Constantine Voulos took a fluid step back, his lean, powerful length emitting an electric tension. Inky black lashes dipped, closing her out again, severing her from the power source that had made every pulse in her treacherous body leap and leaving her disorientated and trembling.
‘I haven’t got time to play games, Miss Waring. I’ll give you twelve hours to think over your position... and then I’ll put the pressure on where it hurts most,’ Constantine warned in a soft drawl that sent a shiver down her rigid spine. ‘With a little help from me, life could become exceedingly difficult. This property is rented. What happens to the junkyard business if the lease isn’t renewed?’
Dawning perception filled Rosie’s shocked eyes. ‘You can’t be serious.’
A cold half-smile briefly slanted his hard mouth. ‘If I was free to follow my natural inclinations, you’d be begging on the street for your next meal. I’ll call again tomorrow morning.’
‘How did you know we rented this place?’ Rosie prompted helplessly as he walked away from her.
Constantine spun gracefully back. ‘And may I put in a special request?’ he murmured silkily, ignoring the question. ‘You strike me as a woman who knows how to please a man. So have a bath before I show up again.’
Rosie’s breasts swelled as she sucked in a heady gush of air. ‘Why, you—!’
The door of the limousine shut with a soft, expensive clunk. Her head whirling, Rosie stalked into the cottage and threw herself down at the kitchen table. Frustrated fury was hurtling about inside her. For an instant she genuinely thought she might explode. He had actually dared to try and threaten her! But then the stakes he was playing for sounded very high ... What had Anton been worth in terms of cold, hard cash? She shuddered with revulsion. Anton had owned a boatyard, a hotel and a chain of shops in Greece. His business dealings within the UK had been tied up in various speculative property ventures. That nonsensical will! But how very like her father... impulsive and overprotective as he had been.

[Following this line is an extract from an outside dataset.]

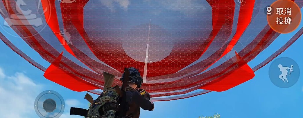 点击“推出”,玩家就能背着降落伞从直升机上跳下;点击“投放”,则可以扔出空投,之后大家在降落带投掷的位置就能获取空投了。总的来说,这是个挺有意思的模式,当然也可以把它理解成新增了一种交通工具。

Her eyes smarted with stinging tears and she gulped. Anton had talked so much about Constantine and always with pride, affection and more than a hint of awe. Wealthy Greek parents expected to have a healthy say in their children’s choice of a life partner... he had told her that too.
“Just as well you’re Spanish!” she had teased.
“Mallorquin,” her father had reproved, still proud as punch of his birth in Majorca even after forty years of living in Greece.
Dear heaven, but she despised Constantine Voulos! Her small hands curled into fists on the table-top. Tramp, whore, trash, tart. And, most unforgivably of all, he had accused her of subjecting Anton to such anxiety that she had shortened his life. Her stomach heaved. Well, he could sling his very worst threats and he would find her immovable. Rosie smiled a little to herself then, her smile slowly growing into a decided smirk. Their landlord was, after all, Maurice’s uncle. No way was she going through some disgusting charade of marriage just to help Constantine Voulos circumvent her father’s will and profit from it!
‘That was the brother from hell...am I right?’ Maurice dropped down opposite her and ruefully appraised her hotly flushed face and over-bright eyes. ‘Who else do we know rich enough to travel around in a stretch limousine? Not only your dad’s substitute son but also large enough and verbal enough to make you so mad you are spitting tacks—’
‘Yes, he was Anton’s favourite, wasn’t he? But then I only had four months, not twenty years to make an impression!’ Rosie condemned painfully, and then she crammed an unsteady hand against her wobbling mouth, ashamed of the bitter envy she could hear splintering from her words.
‘Did you tell him who you were this time?’ Maurice enquired gently.